E. N. van Zutphen, Landschap met sloot, 1942, Collectie Rijksdienst voor het Cultureel Erfgoed.

E. N. van Zutphen, Landschap met sloot, 1942, Collectie Rijksdienst voor het Cultureel Erfgoed.

Vertrouwd en herkenbaar

Zo afwijkend en eenduidig lijkt de smaak van de nationaalsocialisten ook niet te zijn. De tentoonstelling leidt de bezoeker van stillevens, zelfportretten en figuurstukken naar landschaps- en dorpsgezichten. Propaganda spat niet van de kunstwerken af, maar toch zijn ze wel in een propagandistisch beeld te vatten. Het opvallendst is wel dat er, op een uitzondering na, geen spoor van oorlog te vinden is in de werken. In de rustige landschapszaal wordt dit gebrek het pijnlijkst. Elk halfuur, wanneer de bezoeker bijvoorbeeld de vakkundige detaillering in Landschap met sloot (1941) van E. van Zutphen bewondert, dimt het licht en wordt hier een grote filmprojectie met harde beelden uit het dagelijks leven van de oorlog getoond. Museum Arnhem vult zo op sterke en aangrijpende wijze de ontbrekende realiteit in. Enkele oorspronkelijke citaten uit het aan de NSB gelieerde culturele tijdschrift De Schouw zijn op de wanden aangebracht en bieden verklaringen voor het tentoongestelde. Ware kunst moest nationaal en vertrouwd zijn, van eigen bodem, om zo het volk te doen beseffen dat hier de eigen krachtbron ligt. Het volk moest in de opbouwfase van een nieuwe maatschappij niet afgeschrikt worden door afgebeelde militaire waanzin en ellende. 

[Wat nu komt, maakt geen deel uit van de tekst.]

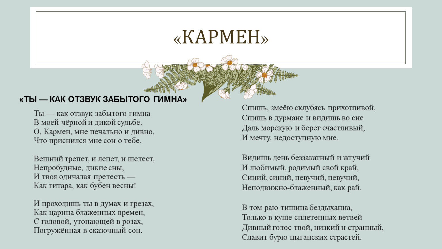 Ты — как отзвук забытого гимнаВ моей чёрной и дикой судьбе.О, Кармен, мне печально и дивно,Что приснился мне сон о тебе.Вешний трепет, и лепет, и шелест,Непробудные, дикие сны,И твоя одичалая прелесть —Как гитара, как бубен весны!И проходишь ты в думах и грезах,Как царица блаженных времен,С головой, утопающей в розах,Погружённая в сказочный сон.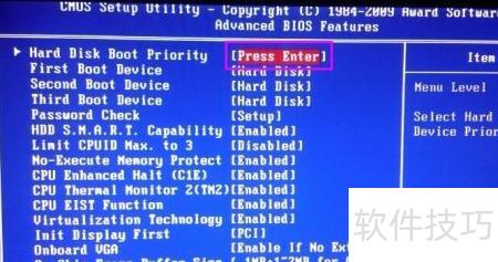 8、 进入硬盘启动顺序选项并按下回车键确认。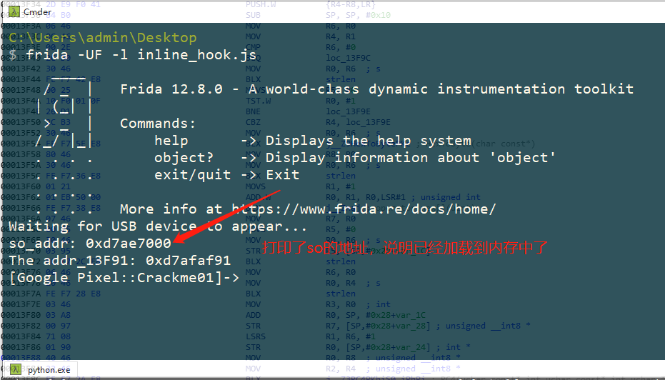 手机上打开app,让so加载进来,然后用frida进行Hook: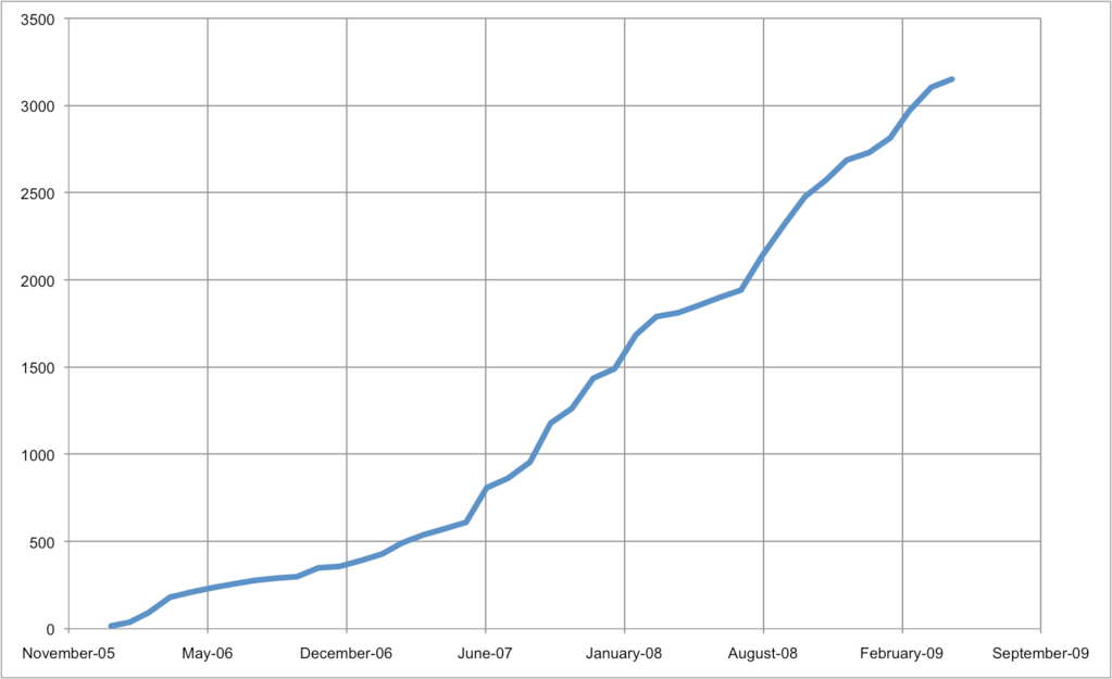 Here’s a graph showing the death toll in Pakistan since Jan 2006 to May 22nd 2009. The total is 3151 deaths.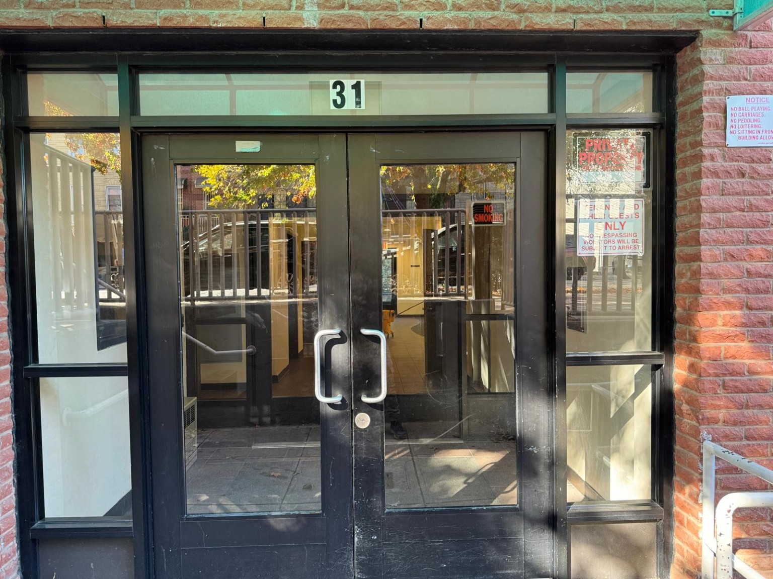 The commercial entry doors are now restored with clean, secure glass panels that improve safety and appearance. The doors operate smoothly, and the entrance presents a professional, well-maintained look suitable for a high-traffic building.

E. (Eduard) Rijff, Rotskust in de branding, verworven in 1941.

E. (Eduard) Rijff, Rotskust in de branding, verworven in 1941.

Een beetje vrij spel


De voorkeur voor realistisch schilderen blijkt ook niet zo sterk te zijn. Gematigde expressionistische en impressionistische werken werden ook aangekocht. Curator Judith Bruijn schrijft in een artikel in de tentoonstellingscatalogus dat Gerdes het impressionisme verbond aan een trouwe weergave van de waarneembare werkelijkheid. Het ‘Noordras’, de superieure blonde bevolkingsgroep van overwegend Scandinavische, Duitse of Nederlandse bodem, was dankzij zijn sterke realiteitszin en ‘open blik’ zeer goed in staat tot zo’n weergave. Een impressionistische benadering kwam precies overeen met wat zijn oog waarnam en vormde zo een geschikte methode. Bovendien werd het neorealisme, dat na de oorlog sterk geassocieerd bleef worden met de bezetter, door nationaalsocialisten ook juist koud en kil gevonden. Dat was natuurlijk niet erg bevorderlijk voor het oproepen van een vertrouwd gevoel.

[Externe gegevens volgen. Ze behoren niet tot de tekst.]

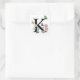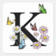 Pegatina Cuadrada Monograma de mariposa acuarela floral letra K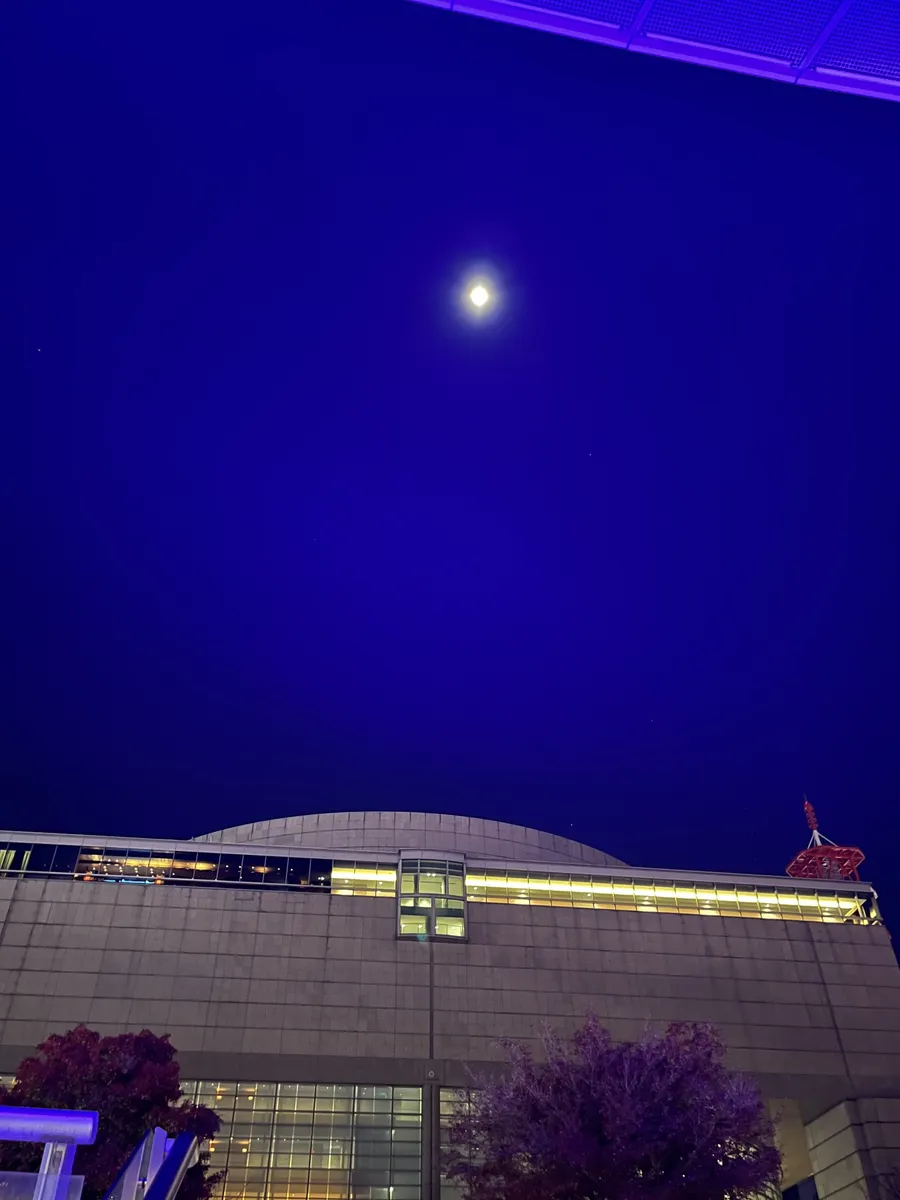 バスまでに時間があったので、緑の大地へ出ると、やがて水の宇宙船に差しかかろうとする月がきれいでした。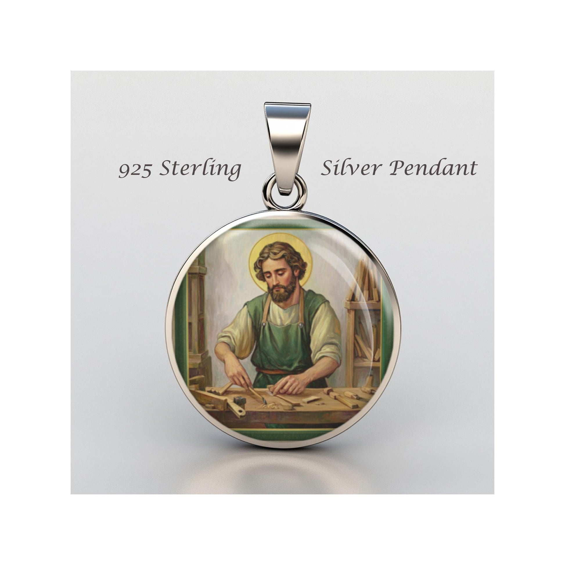 Dedicated to Saint Joseph The Worker, this 20mm sterling silver pendant features a delicate design under a clear glass dome, crafted with high-quality paper. The pendant comes in a beautiful jewelry box, ready for gifting—perfect for birthdays, anniversaries, Christmas, Easter, Baptism, First Communion, Confirmation, Mother's Day, or as a thoughtful gift for a loved one.

Pyke Koch, Het Wachten (Vijf wachtende vrouwen), 1941. Tempera, potlood, zwart en wit krijt op papier op mulitplex geplakt. Collectie Rijksdienst voor het Cultureel Erfgoed, langdurig bruikleen Centraal Museum Utrecht.

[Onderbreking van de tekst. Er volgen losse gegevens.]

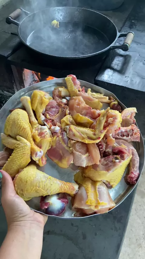 Galinha caipira pro almoço aqui na roça!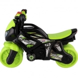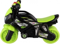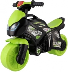 Atrakcyjna zielono-czarna kolorystyka i napisy 'Racing' podkreślają sportowy wygląd motorka.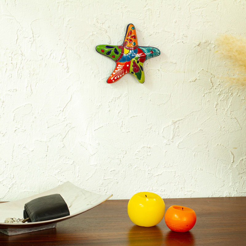 Bringing the beauty of the ocean to your home, this ceramic wall sculpture is created by Mexican artisan Juana Ponce. This cute starfish is painted by hand with colorful floral motifs in the traditional style of Talavera handicrafts, adding a touch of culture to any space.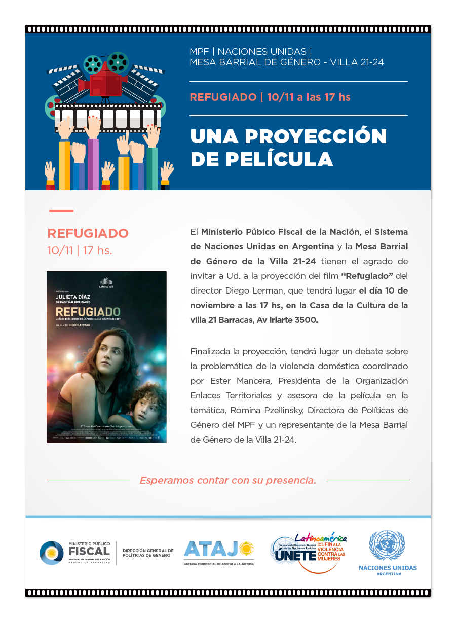 La película del director argentino Diego Lerman será exhibida en Avenida Iriarte 3500. Convocan el Ministerio Público Fiscal de la Nación, el Sistema de Naciones Unidas en Argentina y la Mesa Barrial de Género de la villa 21-24.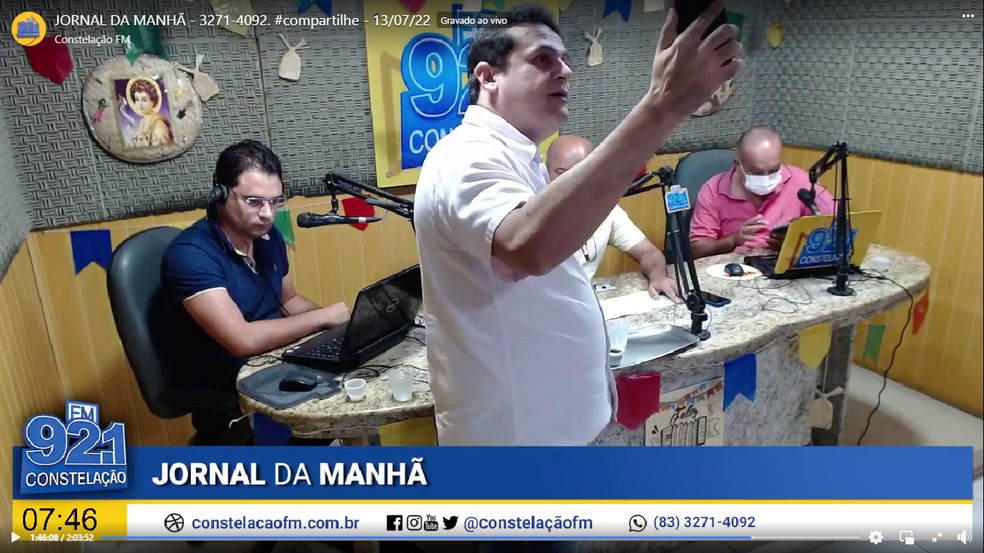 Célio Alves invade estúdio de rádio em Guarabira — Foto: Reprodução/Constelação FM

Pyke Koch, Het Wachten (Vijf wachtende vrouwen), 1941. Tempera, potlood, zwart en wit krijt op papier op mulitplex geplakt. Collectie Rijksdienst voor het Cultureel Erfgoed, langdurig bruikleen Centraal Museum Utrecht.

Vrij van interpretaties

Wanneer de bezoeker de blauwe en oranje doorlopende lijn op de wanden volgt, eindigt deze met een rode lijn in de laatste monumentale zaal. Hier hangen de ’topstukken’, waaronder Het Wachten (1942) van Pyke Koch. Vanwege vermeende fascistische symboliek in de vorm van een kleine afgebeelde Romeinse roedenbundel (een fasces, waar het fascisme zijn naam aan ontleent) bij het hekwerk, is het werk nogal eens geïnterpreteerd als het wachten op een nieuwe, fascistische orde. Maar het is bovenal een krachtige, onheilspellende tekening van uitzonderlijk formaat, vol spanning en ontoegankelijkheid. Het grote neorealistische paneel van Koch is wel het sterkste werk in een tentoonstelling van overwegend minder opvallende werken die overstemd worden door hun context en toegedichte interpretaties. Toch zou ook de meer omstreden kunst vrij tentoongesteld mogen worden door musea. Die kunst zal niet meer het oorspronkelijk beoogde doel dienen omdat de, in dit geval nationaalsocialistische, heerschappij al gevallen en publiekelijk verafschuwd is. Bovendien is het misschien lastig om toe te geven dat gezaghebbenden ondanks een onzuivere moraal wel degelijk oog hadden voor artistieke kwaliteiten, maar zou het nog lastiger moeten zijn om honderden kunstwerken te verdoemen tot een depot. Museum Arnhem doet een zeer bewonderenswaardige zet.